One of the world's leading authorities on australopithecines, British anatomist, Solly Lord Zuckerman has concluded (based on specimens aged much younger than Lucy) that australopithecines do not belong in the family of man. He wrote "I myself remain totally unpersuaded. Almost always when I have tried to check the anatomical claims on which the status of Australopithecus is based, I have ended in failure."

If australopithicus is not a direct human ancestor it would mean that another hominid was, that is all, it does not contradict evolution but tinkering around the edges.

Quote:Evolution is presented as fact, yes, but there is not a consensus.  There is an entire site dedicated to scientists who wish to sign their scientific dissent from the darwinian model of evolution.  http://www.dissentfromdarwin.org/ and the 22 page list (updated and released June 2015) of scientists who publicly denounce the Darwinian model can be viewed here:  http://www.discovery.org/scripts/viewDB/...oad&id=660

I can say with a high level of certainty that evolution is a fact.

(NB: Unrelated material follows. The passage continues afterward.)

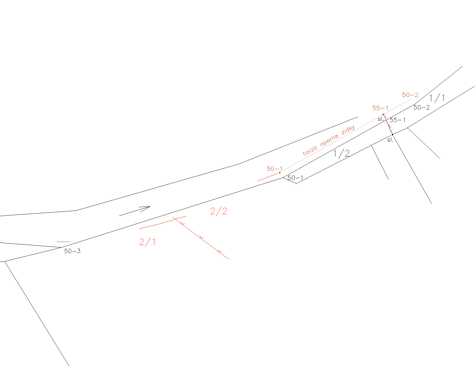 chtěl bych poprosit zdejší diskutující o radu/názor: dělím pozemek dle plotu na p.č. 2/1 a 2/2 (viz obr. červeně). Sousední pozemek byl dělen před dvěma lety (p.č. 1 -> 1/1 a 1/2). Při vkládání nového bodu 55-1 na tehdejší nové hranici mezi p.č. 1/1 a 1/2 došlo k zaměření/neprotokolárního vytyčení bodu 50-1 a 50-2, body dostaly v rámci ZPMZ 55 souřadnice polohy rozdílné od souřadnic obrazu. Ačkoli v náčrtu je bod 50-1 označen jako kolík, souřadnice polohy bodu vychází na kraj torza opěrné kamené zdíky potoka. Vytyčovatel to tam pravděpodobně posunul, asi protože to tak vycházelo i u ostaních bodů (neověřoval jsem - v náčrtu naznačeno tečkovaně). Nevím, jak jsou moc pro mne souřadnice zavázné. Nyní musím vytyčit bod 1 do stávající hranice mezi body 50-3 a 50-1. Nevím, jestli pro vytyčení nového vloženého bodu musím použít souřadnice polohy bodu 50-1 z přechozího ZPMZ nebo nemusím (při použití souř. polohy se dostávám do potoka). Torzo opěrné zídky (zaměřené hnědě plnou čarou) jako zřetelnou hranici použít nemohu, protože pohledově neodpovídá ....

Quote:This is bold because as soon as they do this they are essentially written off as intellectuals in the scientific community.  Look at atheist philosopher Thomas Nagel for example:  http://news.nationalpost.com/holy-post/w...-darwinism

Evolution as presented for the origin of all species has enormous gaps and holes and scientists fill those gaps with assumptions and presuppositions that it must be a natural process but it is far from "proven" or "consensus", irregardless of religious beliefs, but based on pure science.

There is no competing theory that explains life as we know it. Intelligient design is as scientists say "not even wrong" it is in not way a valid hypothosis.

https://en.wikipedia.org/wiki/Not_even_wrong

Quote: 
This does NOT mean that creation theory can be proven or must be true. I'm not saying that. Yes it is what I believe, but I'm pointing out what I see the problem evolution theory has.

These aren't real problems. The theory is not as fragile as you think.



You can fix ignorance, you can't fix stupid.

Tinkety Tonk and down with the Nazis.